Although the definition of life is notoriously controversial, there is general agreement that a localized molecular assemblage should be considered alive if it continually regenerates itself, replicates itself, and is capable of evolving. (963)
Rasmussen, Steen, et al, eds. Protocells: Bridging Nonliving and Living Matter. Cambridge: MIT Press, 2009. After years in quest of a scientific ability to create a synthetic, animate, minimal cell in a laboratory, a confluence of researchers felt the project was sufficiently robust for a book treatment. Co-editors Mark Bedau, Liaohai Chen, David Deamer, David Krakauer, Norman Packard, and Peter Stadler, along with 83 authors, flesh out its broad, fluid progress and international venue. A basic definition of life in its archetypal cellular form is closed upon, as the quote avers.

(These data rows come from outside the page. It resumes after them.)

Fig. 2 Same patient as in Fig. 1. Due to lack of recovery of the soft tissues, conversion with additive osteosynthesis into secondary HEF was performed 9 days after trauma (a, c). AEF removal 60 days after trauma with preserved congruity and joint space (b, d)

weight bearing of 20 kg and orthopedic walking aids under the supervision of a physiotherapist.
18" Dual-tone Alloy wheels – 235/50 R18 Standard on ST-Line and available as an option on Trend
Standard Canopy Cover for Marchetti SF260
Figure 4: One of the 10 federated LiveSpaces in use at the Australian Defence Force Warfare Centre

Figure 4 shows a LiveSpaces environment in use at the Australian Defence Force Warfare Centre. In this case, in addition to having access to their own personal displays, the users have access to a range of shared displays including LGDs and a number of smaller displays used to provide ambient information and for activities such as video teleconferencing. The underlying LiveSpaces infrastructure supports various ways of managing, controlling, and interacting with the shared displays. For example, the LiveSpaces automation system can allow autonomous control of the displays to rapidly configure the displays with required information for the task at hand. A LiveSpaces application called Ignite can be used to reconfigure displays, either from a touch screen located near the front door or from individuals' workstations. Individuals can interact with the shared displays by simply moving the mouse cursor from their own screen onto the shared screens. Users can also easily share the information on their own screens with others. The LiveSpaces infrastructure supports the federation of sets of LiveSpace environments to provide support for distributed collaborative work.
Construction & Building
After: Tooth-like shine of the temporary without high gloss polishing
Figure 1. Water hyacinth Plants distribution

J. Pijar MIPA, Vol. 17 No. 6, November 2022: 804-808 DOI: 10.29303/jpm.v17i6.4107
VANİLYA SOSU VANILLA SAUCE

In addition to the triade of physiology, genotype, and a bounded vesicle, ancillary attributes are said to be self-organization, relative autonomy, cognitive sensitivity, and a modicum of purposeful behavior. But a penchant for machine metaphors persists, since it is not addressed as to what kind of universe would engender increasingly complex and conscious entities, whom at some late, revolutionary stage might take up and over such organic creation. See also Eric Smith, et al for a typical paper that notes an endemic viability, but again in mechanical terms.
In this book a living system is operationally defined as a system that integrates three critical functionalities. First, it maintains an identity over time by localizing all its components. Second, it uses free energy from its environment to digest environmental resources in order to maintain itself, grow, and ultimately reproduce. Third, these processes are under the control of inheritable information that can be modified during reproduction. (xiii) The book generally reflects the perspective that chemical instances of such forms of life much embody the three operational functionalities in three integrated chemical systems: a metabolism that extracts usable energy and resources from the environment, genes that chemically realize informational control of living functionalities, and a container that keeps them all together. (xiii)

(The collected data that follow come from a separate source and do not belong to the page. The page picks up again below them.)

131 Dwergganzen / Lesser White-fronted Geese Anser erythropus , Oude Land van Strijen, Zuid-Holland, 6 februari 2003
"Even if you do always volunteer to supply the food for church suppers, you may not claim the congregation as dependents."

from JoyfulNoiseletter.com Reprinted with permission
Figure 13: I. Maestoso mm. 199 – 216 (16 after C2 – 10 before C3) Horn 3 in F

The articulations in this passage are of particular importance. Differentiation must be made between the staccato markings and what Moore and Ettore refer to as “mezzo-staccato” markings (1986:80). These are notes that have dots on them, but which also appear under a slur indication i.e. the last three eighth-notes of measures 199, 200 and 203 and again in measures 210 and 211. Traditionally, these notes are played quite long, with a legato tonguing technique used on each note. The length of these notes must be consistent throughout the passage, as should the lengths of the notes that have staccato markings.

Ricardo, Alonso and Jack Szostak. Life on Earth. Scientific American. September, 2009. A popular article on the RNA first school, recently boosted by John Sutherland’s lab at the University of Manchester which figured out how such precursors could have initially arisen from “inanimate” substrates. But we wish to highlight an excessive use of machine metaphors to describe cellular life. This deep flaw burdens our thinking today, for the model gets everything wrong.
Every living cell, even the simplest bacterium, teems with molecular contraptions that would be the envy of any nanotechnologist. As they incessantly shake or spin or crawl around the cell, these machines cut, paste and copy genetic molecules, shuttle nutrients around or turn them into energy, build and repair cellular membranes, relay mechanical, chemical or electrical messages—the list goes on and on, and new discoveries add to it all the time. It is virtually impossible to imagine how a cell’s machines, which are mostly protein-based catalysts called enzymes, could have formed spontaneously as life first arose from nonliving matter around 3.7 billion years ago. (54)
Rizzotti, Martino, ed. Defining Life. Padova, Italy: University of Padova Press, 1996. In this collection many origin of life researchers attempt to convey its essence by noting various energetic, dynamical, autopoietic, reproductive, self-organizing, and informative qualities.